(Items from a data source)
----------

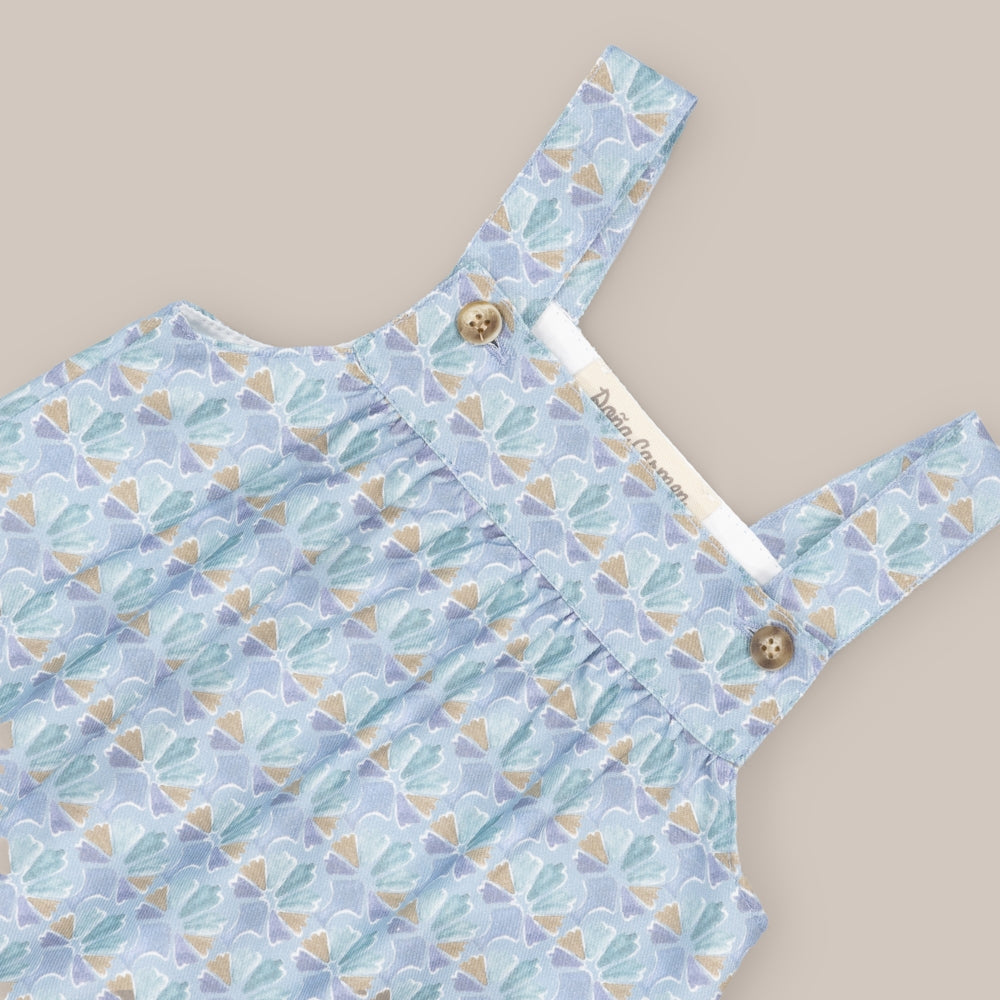 the lower buttoning of the dungaree makes the task of changing the baby easier, allowing quick and easy access to change diapers or dress them without having to remove the entire garment. This feature makes the baby dressing and caring experience more comfortable for both parents and baby.
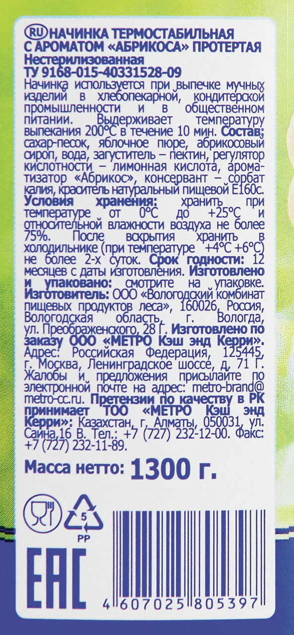 METRO Chef Начинка для выпечки Абрикос, 1.3кг
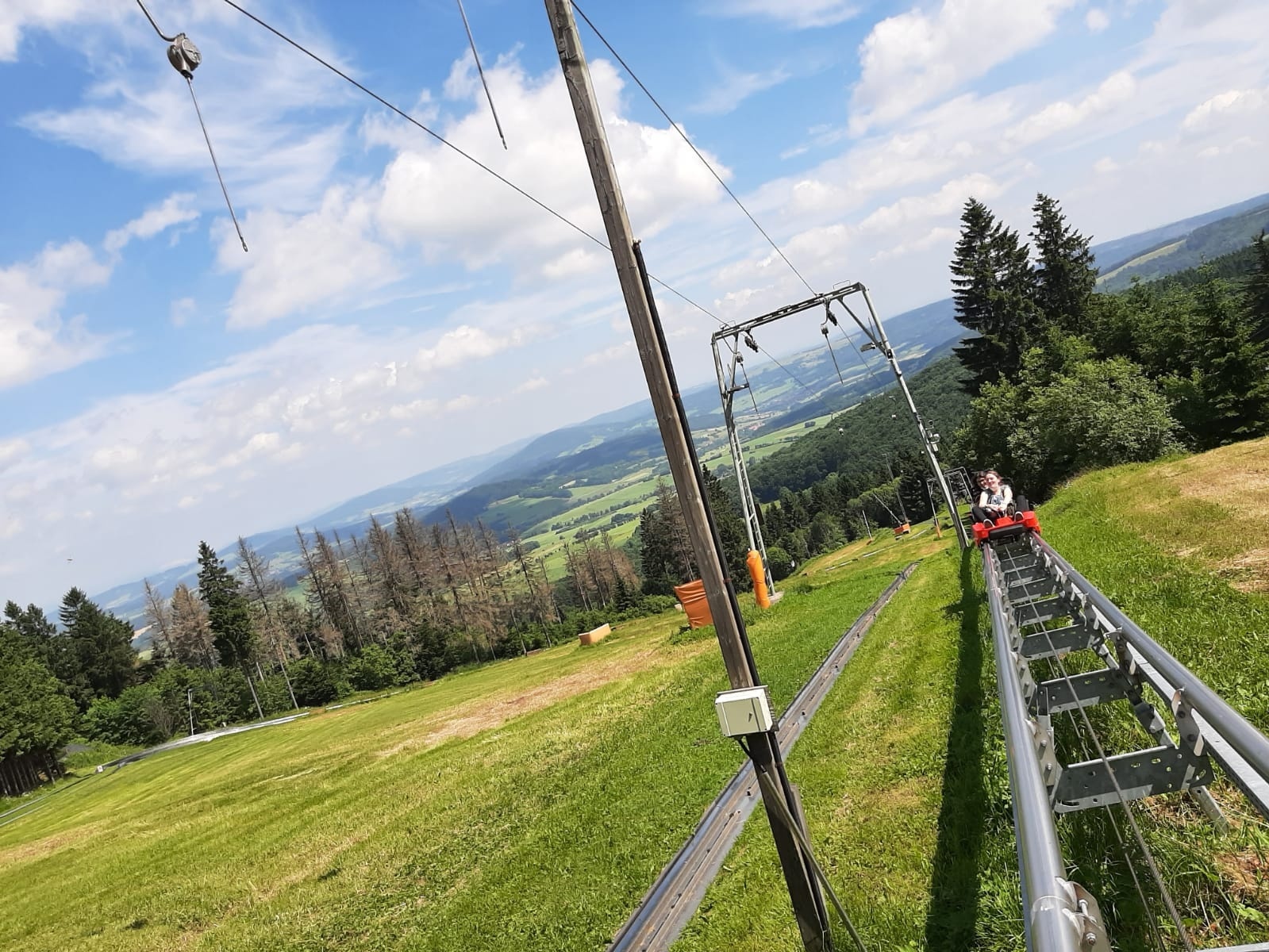 Um 10 Uhr trafen wir uns vor Maria Hilf. Von dort aus fuhren wir zu siebt, aufgeteilt auf zwei Autos, in die Rhön. An der Wasserkuppe angekommen, packten bereits die ersten ihre Brotzeit aus. Anschließend holte sich jede*r eine 6er-Karte zum Rodeln, mit der man verschiedene Sachen fahren konnte. Zuerst ging es in die Doppel-Sommerrodelbahn, in der man sich zu zweit ein Wettrennen liefern konnte. Danach testeten wir den Rhönbob mit einer Maximalgeschwindigkeit von 40 km/h und fuhren im Hexenbesen, einer Sommerrodelbahn, in der Luft. Des Weiteren fuhren wir mit dem Luna-Loop. Dabei saß man in einer Kugel, in der man selber entscheiden konnte, wie viele Überschlage man machen möchte und ob diese vorwärts oder rückwärts sein sollen.
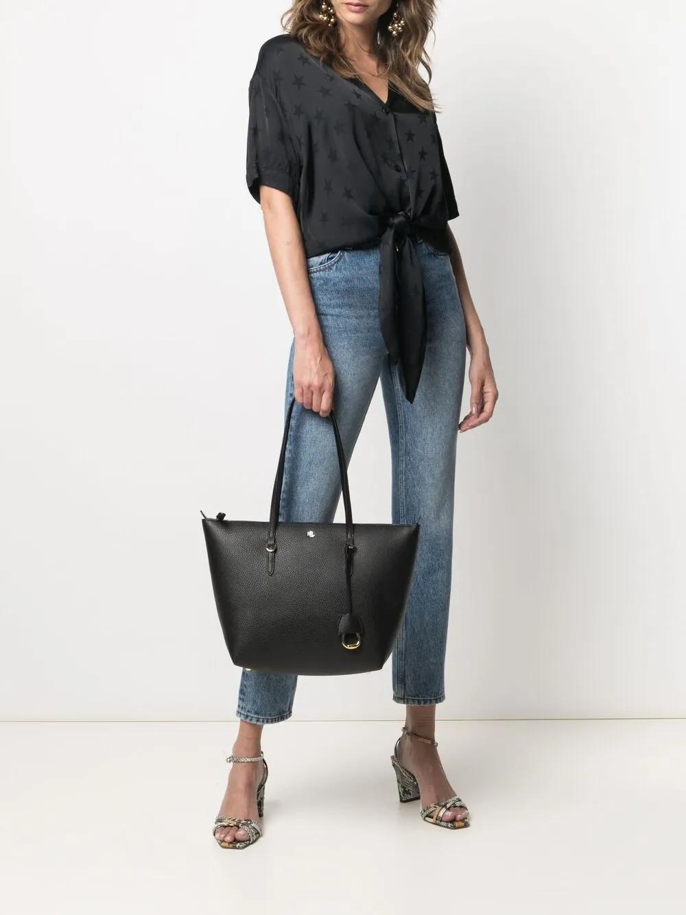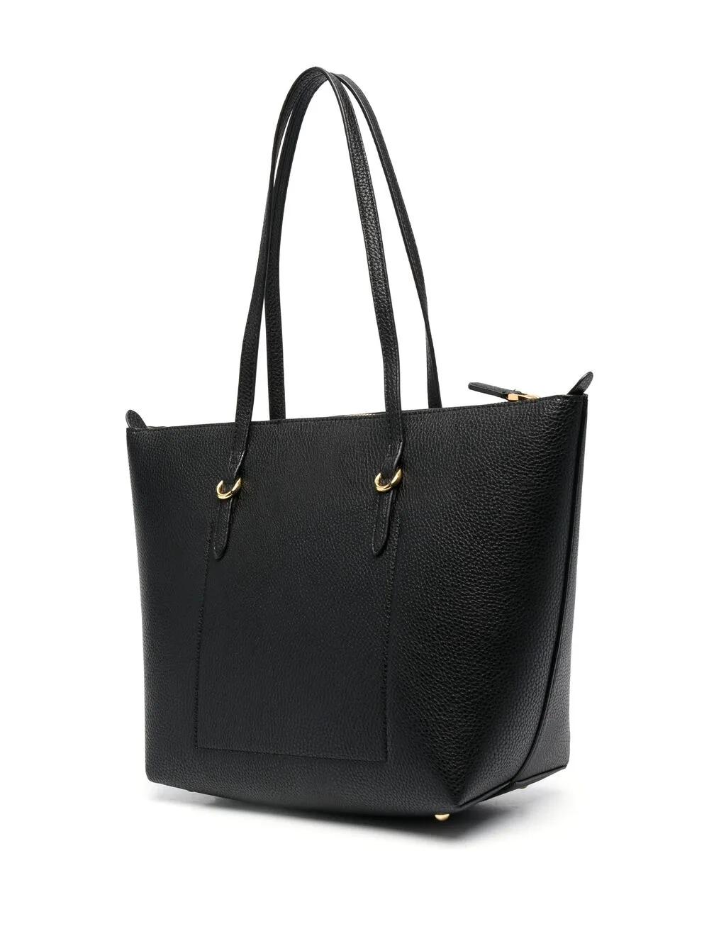 jet-black gold-tone hardware two top handles gold-tone logo lettering internal pocket
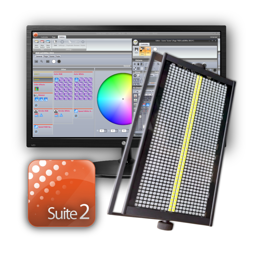 Librerías de Sunlite Suite 2 P/ RGB Led1000w Colouring Strobe V2 de Mekka Light ( 4-11-32-39CH )
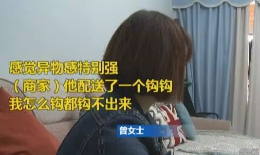 曾女士称, “戴的时候不是很顺利,试了几次戴进去了。照了镜子确实还是很有效果,然后我想把它拔出来,因为感觉异物感特别强,(商家)他配送了一个钩钩,却怎么钩都钩不出来。”
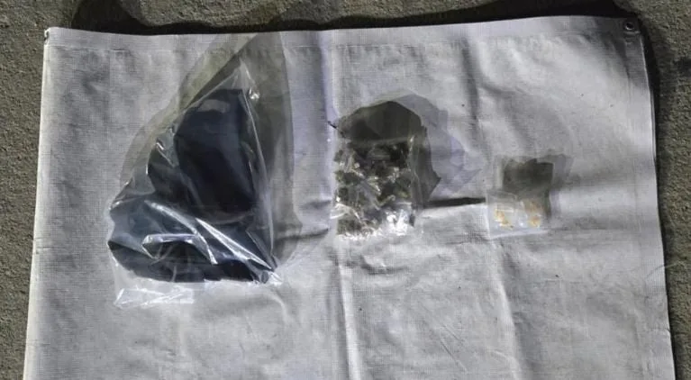 Al momento de la revisión preventiva, los agentes aseguraron entre las pertenencias del individuo dosis de hierba verde seca con características similares a la marihuana, dosis de sustancia sólida transparente con características propias de la piedra, así como una mochila color negra. También se le aseguró una motocicleta marca Italika, línea 125 FT, color azul, con placas del estado de Tabasco.
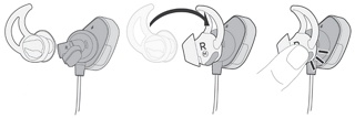 将新的 StayHear+ Pulse 鲨鱼鳍硅胶耳塞的开口处与耳机出音孔对齐,然后将耳塞旋转到出音孔上。按住耳塞的底部,直到它牢固地卡紧到位
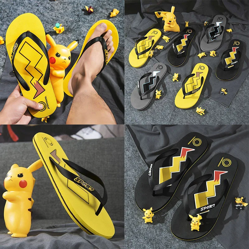 Pikachu Summer Slippers Anime Fashion Trend Boys Girls Home Anti Slip Odor Clip on Sandals Cute Cartoon Wearing Beach Shoes
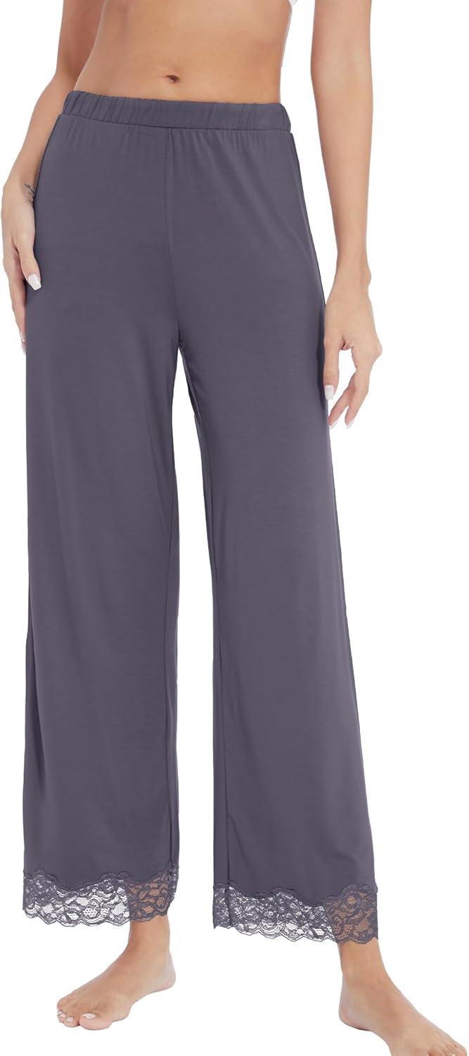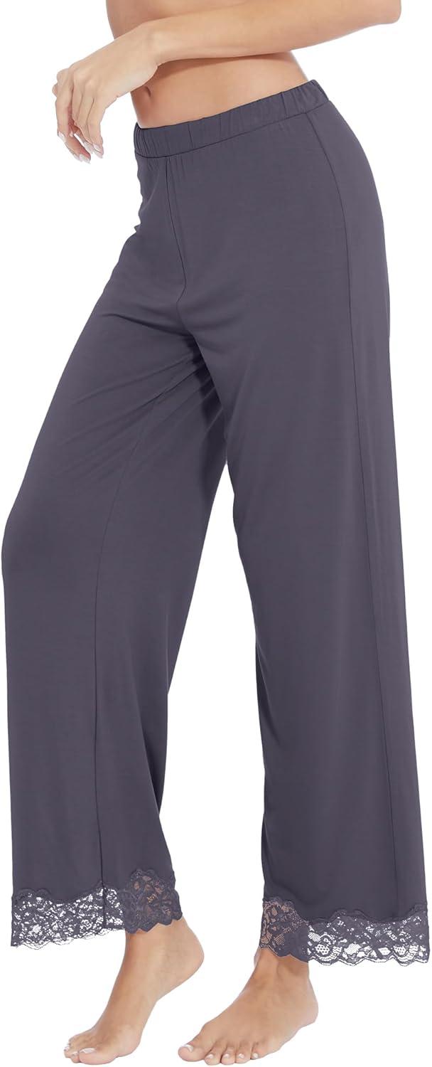 WiWi Pajamas Pants for Women Wide Leg Long Bottoms Bamboo Viscose Casual Loose Sweatpants High Waist Joggers S-XXL(B-heather Grey)
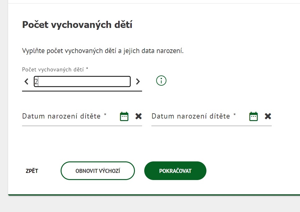Samotný portál již nevypadá nijak složitě. Na začátku uvidíte svoje osobní údaje a pod nimi budete požádáni o vyplnění jediné věci a to jsou data narození vašich dětí. Nic víc.

----------

Requirement
Please copy the lines above exactly, starting at the line that holds "Al momento de" and ending at the line that holds "将新的 StayHear+ Pulse"; include both, but no pictures.

Answer to this task
 Al momento de la revisión preventiva, los agentes aseguraron entre las pertenencias del individuo dosis de hierba verde seca con características similares a la marihuana, dosis de sustancia sólida transparente con características propias de la piedra, así como una mochila color negra. También se le aseguró una motocicleta marca Italika, línea 125 FT, color azul, con placas del estado de Tabasco.
 将新的 StayHear+ Pulse 鲨鱼鳍硅胶耳塞的开口处与耳机出音孔对齐,然后将耳塞旋转到出音孔上。按住耳塞的底部,直到它牢固地卡紧到位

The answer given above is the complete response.